El padre demanda que nos hagamos cargo de la hija, pues ya no puede más y por su culpa ha perdido tres trabajos. La menor, que reconoce conductas de riesgo, declara sufrir el rechazo de su padre y demanda apoyo para entrar en una formación profesional básica, además de aceptar acompañamiento a planificación familiar.
Nuestra intervención progresa a saltos, con avances y retrocesos, bloqueos e interrupciones.
En un momento dado, el padre declara haber resuelto el problema por su cuenta solicitando a un juez la emancipación de su hija y reprochándonos amargamente el haber defraudado su confianza. Los distintos profesionales coincidimos en la gravedad del caso y las dificultades para la intervención... La menor, en cambio, me dice que ahora que ya no vive con su padre por fin es feliz y se encuentra muy bien...
¡Qué tan distinto diagnóstico! Y qué diferente el pronóstico en cada caso. ¿Pero cuál está en lo cierto? Rabia, preocupación, alegría. Porque las tres son igualmente reales, en tanto corresponden a percepciones vividas y generan distintas expectativas y respuestas. ¿Y cómo alcanzar una visión compartida, establecer objetivos comunes, garantizar el interés superior del menor? Porque sólo al aceptar la visión que tiene el otro del problema podemos tener su atención y confianza, de modo que seamos capaces de ser útiles y ayudarles a resolver su problema.

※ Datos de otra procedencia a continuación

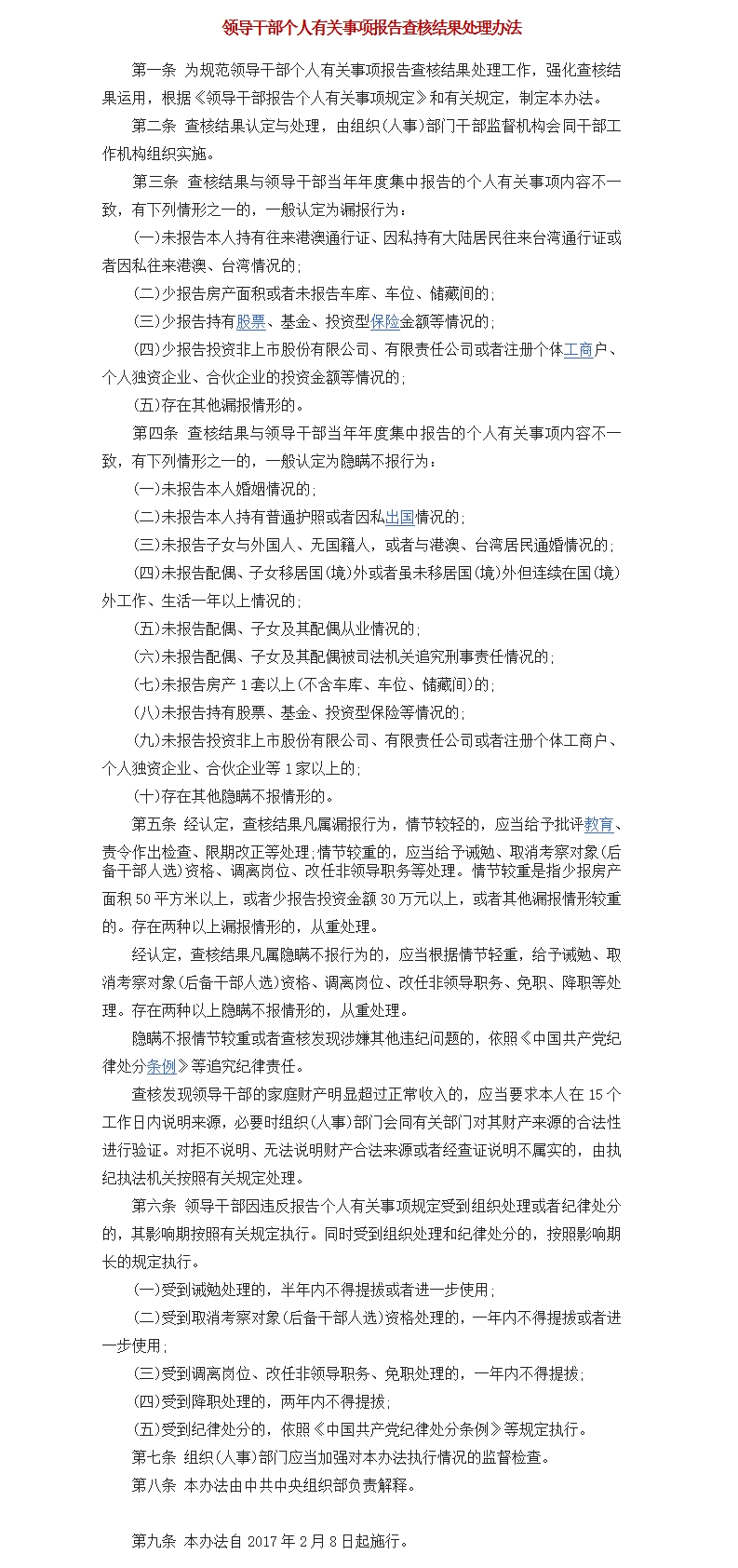 领导干部个人有关事项报告查核结果处理办法

En el plano de la relación tenemos a un padre demandante (viene a plantear una queja o demanda) y a una hija visitante (viene porque alguien le trae), en la clasificación de Steve de Shazer, a diferencia del comprador (que viene con un objetivo preciso y está dispuesto a hacer algo para lograrlo). Y mi fallo, en este caso, ha estado en la dificultad de aceptar la visión de padre, lo cual ha repercutido en una mala relación con él y en una buena con la hija, en una falta de confianza en el primer caso y en una buena aunque frágil relación educativa con la hija.